After therapy, malignant growth survivors require continuous, extensive consideration to work on personal satisfaction, lessen handicap, limit intricacies, and reestablish work. In Canada and universally, follow-up care keeps on being conveyed most frequently by oncologists in organization based settings. There is broad proof to exhibit that this model of care doesn’t function admirably for some survivors or our disease frameworks. Randomized controlled preliminaries have plainly exhibited that substitute ways to deal with follow-up care are comparable to oncologist-drove follow-up regarding patient results, like repeat, endurance, and personal satisfaction in various normal tumors.

In this paper, we discuss the state of follow-up care for people who have overcome common malignant growths and the need for more customised follow-up models. Without a doubt, there is no one-size-fits-all solution for post-therapy follow-up care, and more customised approaches based on individual risks and needs after disease treatment are justified. In terms of customising follow-up care for malignant growth survivors, Canada lags behind. There are several reasons for this, including difficulty determining who is best served by various subsequent pathways, a lack of evidence-based self-administration training and supports for the majority of survivors, ineffectively created IT arrangements and frameworks, and lopsided care coordination.

Until now, a critical gap in the current investigation has been the inability to comprehend the acceptability and viability of elective care models across various population groups. Understanding whether and how customised approaches to follow- up can address differences in care and supports will be critical to ensuring that all survivors receive the attention they require to improve personal satisfaction, reduce inability, limit difficulties, and resume work. According to current projections, one out of every two Canadians will develop disease during their lifetime, and the number of malignant growth cases in 2028-2032 will be 79 percent higher than in 2003-2007. The likelihood of a person contracting disease has increased as the number of Canadians diagnosed with malignant growth has increased. Truth be told, the percentage of malignant growth survivors has increased significantly in recent years 63 percent of those surveyed in Canada today will live for a long time or more after their diagnosis.

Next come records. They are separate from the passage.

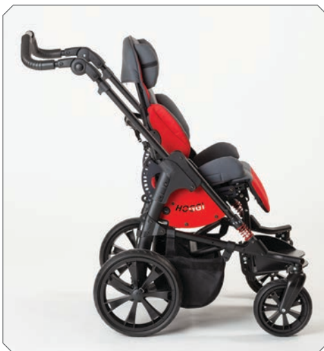
Seat unit in driving direction.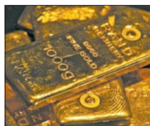
Gold bars are displayed at a gold jewellery shop in Chandigarh on 8 May, 2012.—REUTERS

Rising import of the yellow metal has been worrying the government battling with a record high cur-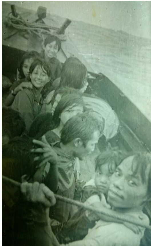
Illustration 3: Vietnamese refugees on a boat [30]

Step 1: Pre-iconic description: A group of men, women and children huddle together on a boat at sea. In the forefront, a middle-aged man wearing a watch has a young child in his arms, and looks at the photographer with a faint smile while holding on to some rope. The child clasps both arms around the man's neck. A young woman at the center of the photograph looks towards the photographer with a startled expression. In the background, two women smile. Others look out to sea; one person re-arranges his/her hair, as all passengers have damp hair. The open-top wooden boat is relatively small in size. The picture is not "straight" as indicated by the angular shape of the horizon. However, the sea looks relatively calm and the boat does not seem overcrowded. This photograph was cataloged by the RRC with the keywords "Vietnamese/boat people/flight by sea/refugees;" however, there is no information on the photographer, the location of the boat, the planned destination, or the year in which this photograph was taken. [31]

Finally, any new initiatives should be evaluated to ensure that they benefit patients and our health-care systems. Certifiable proof of changes in follow-up care models, such as the work in Ontario related to progress to essential consideration (shown above) , would provide leaders with valuable information on key aspects of medical service quality, such as security, adequacy, value, and effectiveness. Where possible, assessments should include a cost analysis of new models, as well as a compilation of results that are particularly important to survivors post-treatment.

For the vast majority of disease survivors or malignant growth frameworks, current post-therapy follow-up care models are ineffective. As a result, we must improve in Canada to address cancer survivors’ issues and support their recovery, as well as the challenges faced by our disease frameworks. Post-treatment follow-up care should be a part of the conversation as our examination and clinical networks embrace more customised approaches to malignant growth care. Risk-based follow-up care, in which one’s model of follow-up is customised based on individual risks, needs, and conditions, has been discussed for over a decade, but its implementation into training in Canada has been slow to non-existent. The implementation of defined pathways into routine consideration presents real challenges.



Conflict of Interest

The author declares there is no conflict of interest in publishing this article has been read and approved by all named authors.

Citation: Wendy M (2022). Personalized Post-Treatment Care for Cancer Patients by the Health care. J Healthc Commun. 7:7017.

Copyright: © Wendy M. This is an open-access article distributed under the terms of the Creative Commons Attribution License, which permits unrestricted use, distribution, and reproduction in any medium, provided the original author and source are credited.